Go through the lines below and copy any that hold the string "капюшоном".

++++++++

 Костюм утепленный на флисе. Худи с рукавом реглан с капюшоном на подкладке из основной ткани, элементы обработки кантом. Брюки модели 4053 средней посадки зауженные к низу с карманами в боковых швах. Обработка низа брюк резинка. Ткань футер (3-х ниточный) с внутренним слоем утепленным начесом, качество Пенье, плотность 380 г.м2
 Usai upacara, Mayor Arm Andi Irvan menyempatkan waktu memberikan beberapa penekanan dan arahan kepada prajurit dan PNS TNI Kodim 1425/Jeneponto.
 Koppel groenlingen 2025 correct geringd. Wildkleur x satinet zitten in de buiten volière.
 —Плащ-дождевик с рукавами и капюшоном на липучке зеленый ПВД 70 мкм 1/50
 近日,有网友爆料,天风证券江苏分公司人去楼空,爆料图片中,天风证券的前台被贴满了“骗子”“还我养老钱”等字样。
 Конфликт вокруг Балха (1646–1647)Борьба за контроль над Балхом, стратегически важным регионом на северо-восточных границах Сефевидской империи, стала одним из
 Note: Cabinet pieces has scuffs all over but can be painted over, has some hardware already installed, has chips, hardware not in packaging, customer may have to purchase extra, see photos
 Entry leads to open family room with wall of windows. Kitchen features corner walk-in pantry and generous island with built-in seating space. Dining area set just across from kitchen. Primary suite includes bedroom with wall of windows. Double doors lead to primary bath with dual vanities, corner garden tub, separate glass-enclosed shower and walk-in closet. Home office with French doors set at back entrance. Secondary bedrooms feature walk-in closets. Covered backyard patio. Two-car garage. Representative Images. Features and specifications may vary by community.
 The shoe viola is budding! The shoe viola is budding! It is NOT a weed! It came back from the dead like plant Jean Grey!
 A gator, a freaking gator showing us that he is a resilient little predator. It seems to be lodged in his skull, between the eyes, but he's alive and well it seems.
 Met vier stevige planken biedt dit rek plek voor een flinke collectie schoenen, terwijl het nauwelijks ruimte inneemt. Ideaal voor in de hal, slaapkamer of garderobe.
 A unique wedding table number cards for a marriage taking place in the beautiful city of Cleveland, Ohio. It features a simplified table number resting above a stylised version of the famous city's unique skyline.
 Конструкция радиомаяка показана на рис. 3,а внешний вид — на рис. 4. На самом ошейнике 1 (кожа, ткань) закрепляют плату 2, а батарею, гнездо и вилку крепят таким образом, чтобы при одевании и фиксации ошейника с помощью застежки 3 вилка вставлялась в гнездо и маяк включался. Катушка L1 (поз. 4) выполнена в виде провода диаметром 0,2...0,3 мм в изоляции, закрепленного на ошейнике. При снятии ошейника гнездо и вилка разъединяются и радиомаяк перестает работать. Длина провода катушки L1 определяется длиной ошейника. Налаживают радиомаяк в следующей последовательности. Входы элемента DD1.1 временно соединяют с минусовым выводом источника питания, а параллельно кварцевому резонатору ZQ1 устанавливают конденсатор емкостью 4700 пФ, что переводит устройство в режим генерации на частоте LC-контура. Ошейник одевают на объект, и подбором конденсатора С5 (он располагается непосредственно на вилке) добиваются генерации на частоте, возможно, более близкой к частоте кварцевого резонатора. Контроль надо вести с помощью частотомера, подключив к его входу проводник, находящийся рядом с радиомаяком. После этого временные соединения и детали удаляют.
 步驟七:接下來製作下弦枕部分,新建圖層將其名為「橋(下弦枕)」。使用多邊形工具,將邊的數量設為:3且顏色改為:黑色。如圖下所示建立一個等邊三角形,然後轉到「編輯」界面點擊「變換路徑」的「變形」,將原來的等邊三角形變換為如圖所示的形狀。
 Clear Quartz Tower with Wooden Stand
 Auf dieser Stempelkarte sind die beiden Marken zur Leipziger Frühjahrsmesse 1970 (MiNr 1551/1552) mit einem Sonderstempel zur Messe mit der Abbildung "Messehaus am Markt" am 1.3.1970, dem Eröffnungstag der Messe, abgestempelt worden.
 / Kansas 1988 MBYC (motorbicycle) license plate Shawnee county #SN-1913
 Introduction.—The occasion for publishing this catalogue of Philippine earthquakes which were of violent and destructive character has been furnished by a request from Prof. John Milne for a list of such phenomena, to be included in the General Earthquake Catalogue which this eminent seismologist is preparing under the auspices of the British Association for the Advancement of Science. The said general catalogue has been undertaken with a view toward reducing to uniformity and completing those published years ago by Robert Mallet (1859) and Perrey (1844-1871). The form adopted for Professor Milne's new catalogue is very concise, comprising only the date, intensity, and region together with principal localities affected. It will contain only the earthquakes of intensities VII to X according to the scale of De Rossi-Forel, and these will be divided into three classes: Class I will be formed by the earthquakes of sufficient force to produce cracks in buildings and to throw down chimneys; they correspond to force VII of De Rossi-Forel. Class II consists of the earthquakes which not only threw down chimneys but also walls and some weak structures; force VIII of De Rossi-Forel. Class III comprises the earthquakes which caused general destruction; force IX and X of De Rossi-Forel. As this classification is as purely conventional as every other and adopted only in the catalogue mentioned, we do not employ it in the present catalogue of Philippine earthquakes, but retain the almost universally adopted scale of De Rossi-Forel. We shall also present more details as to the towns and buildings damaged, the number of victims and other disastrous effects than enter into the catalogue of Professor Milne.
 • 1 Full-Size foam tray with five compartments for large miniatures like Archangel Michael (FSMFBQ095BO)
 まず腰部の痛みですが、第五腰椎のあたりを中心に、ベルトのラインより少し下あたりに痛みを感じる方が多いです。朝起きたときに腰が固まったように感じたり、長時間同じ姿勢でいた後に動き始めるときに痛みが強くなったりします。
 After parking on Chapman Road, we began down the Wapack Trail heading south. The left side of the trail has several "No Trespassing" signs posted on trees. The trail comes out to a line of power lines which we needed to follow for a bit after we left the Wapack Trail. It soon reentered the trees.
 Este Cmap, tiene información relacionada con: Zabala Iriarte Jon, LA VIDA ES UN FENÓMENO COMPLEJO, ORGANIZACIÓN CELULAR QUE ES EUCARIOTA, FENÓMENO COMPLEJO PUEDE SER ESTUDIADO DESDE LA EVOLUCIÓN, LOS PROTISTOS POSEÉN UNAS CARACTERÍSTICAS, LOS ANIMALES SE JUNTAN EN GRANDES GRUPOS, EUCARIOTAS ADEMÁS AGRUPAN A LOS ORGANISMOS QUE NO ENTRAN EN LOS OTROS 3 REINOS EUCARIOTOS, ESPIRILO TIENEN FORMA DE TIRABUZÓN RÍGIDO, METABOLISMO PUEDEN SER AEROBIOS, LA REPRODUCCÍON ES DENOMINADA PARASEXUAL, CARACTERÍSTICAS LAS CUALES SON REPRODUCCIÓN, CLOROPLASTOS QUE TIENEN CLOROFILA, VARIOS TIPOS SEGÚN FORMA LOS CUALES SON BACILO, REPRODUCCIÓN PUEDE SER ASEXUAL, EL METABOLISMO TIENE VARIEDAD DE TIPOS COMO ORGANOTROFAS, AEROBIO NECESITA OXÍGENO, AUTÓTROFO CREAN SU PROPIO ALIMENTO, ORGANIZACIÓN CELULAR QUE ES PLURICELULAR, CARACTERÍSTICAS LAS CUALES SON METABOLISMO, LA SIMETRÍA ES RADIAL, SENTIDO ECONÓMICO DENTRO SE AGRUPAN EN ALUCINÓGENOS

++++++++

■ **EXERCISE RESULT**
 Костюм утепленный на флисе. Худи с рукавом реглан с капюшоном на подкладке из основной ткани, элементы обработки кантом. Брюки модели 4053 средней посадки зауженные к низу с карманами в боковых швах. Обработка низа брюк резинка. Ткань футер (3-х ниточный) с внутренним слоем утепленным начесом, качество Пенье, плотность 380 г.м2
 —Плащ-дождевик с рукавами и капюшоном на липучке зеленый ПВД 70 мкм 1/50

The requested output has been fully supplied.